These records are to be written out exactly as they read, minus the pictures.

_Input data_
________

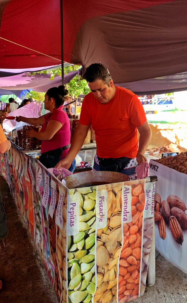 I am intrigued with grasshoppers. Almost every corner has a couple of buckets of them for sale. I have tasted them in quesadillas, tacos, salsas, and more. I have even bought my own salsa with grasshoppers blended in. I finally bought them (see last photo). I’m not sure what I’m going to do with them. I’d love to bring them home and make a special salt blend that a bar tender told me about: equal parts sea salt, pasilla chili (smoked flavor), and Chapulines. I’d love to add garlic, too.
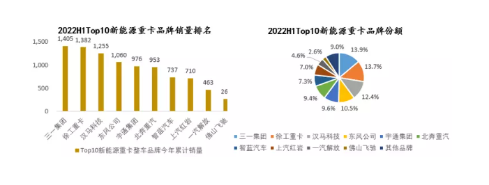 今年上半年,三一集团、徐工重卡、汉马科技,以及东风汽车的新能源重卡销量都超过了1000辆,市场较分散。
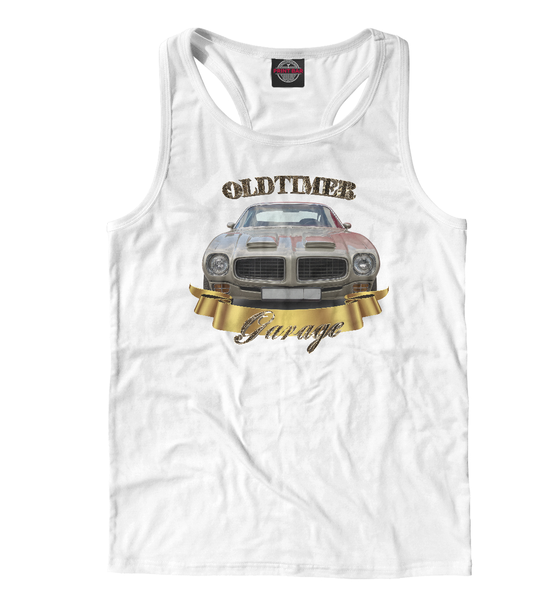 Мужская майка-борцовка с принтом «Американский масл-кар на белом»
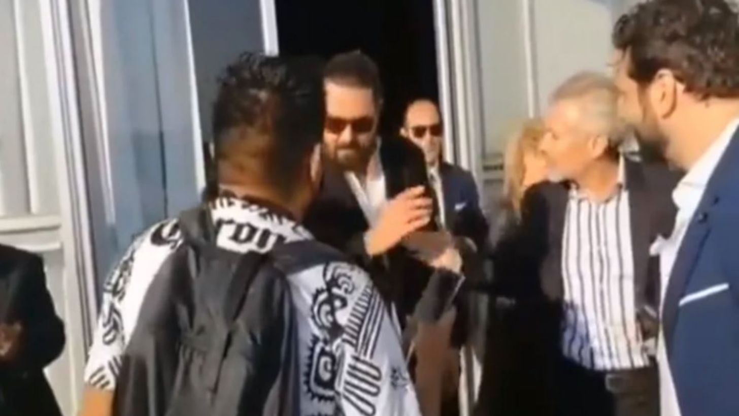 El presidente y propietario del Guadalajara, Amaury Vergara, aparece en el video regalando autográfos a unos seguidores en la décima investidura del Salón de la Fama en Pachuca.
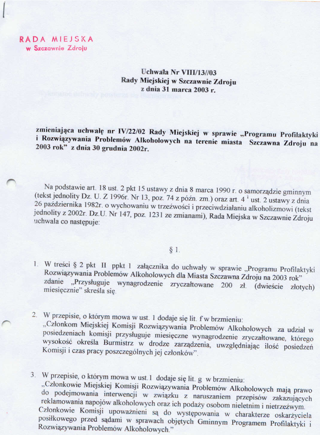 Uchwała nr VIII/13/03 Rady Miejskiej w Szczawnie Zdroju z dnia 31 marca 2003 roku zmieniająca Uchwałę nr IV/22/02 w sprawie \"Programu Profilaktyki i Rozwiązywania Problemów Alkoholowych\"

________

_Exercise response_
 I am intrigued with grasshoppers. Almost every corner has a couple of buckets of them for sale. I have tasted them in quesadillas, tacos, salsas, and more. I have even bought my own salsa with grasshoppers blended in. I finally bought them (see last photo). I’m not sure what I’m going to do with them. I’d love to bring them home and make a special salt blend that a bar tender told me about: equal parts sea salt, pasilla chili (smoked flavor), and Chapulines. I’d love to add garlic, too.
 今年上半年,三一集团、徐工重卡、汉马科技,以及东风汽车的新能源重卡销量都超过了1000辆,市场较分散。
 Мужская майка-борцовка с принтом «Американский масл-кар на белом»
 El presidente y propietario del Guadalajara, Amaury Vergara, aparece en el video regalando autográfos a unos seguidores en la décima investidura del Salón de la Fama en Pachuca.
 Uchwała nr VIII/13/03 Rady Miejskiej w Szczawnie Zdroju z dnia 31 marca 2003 roku zmieniająca Uchwałę nr IV/22/02 w sprawie \"Programu Profilaktyki i Rozwiązywania Problemów Alkoholowych\"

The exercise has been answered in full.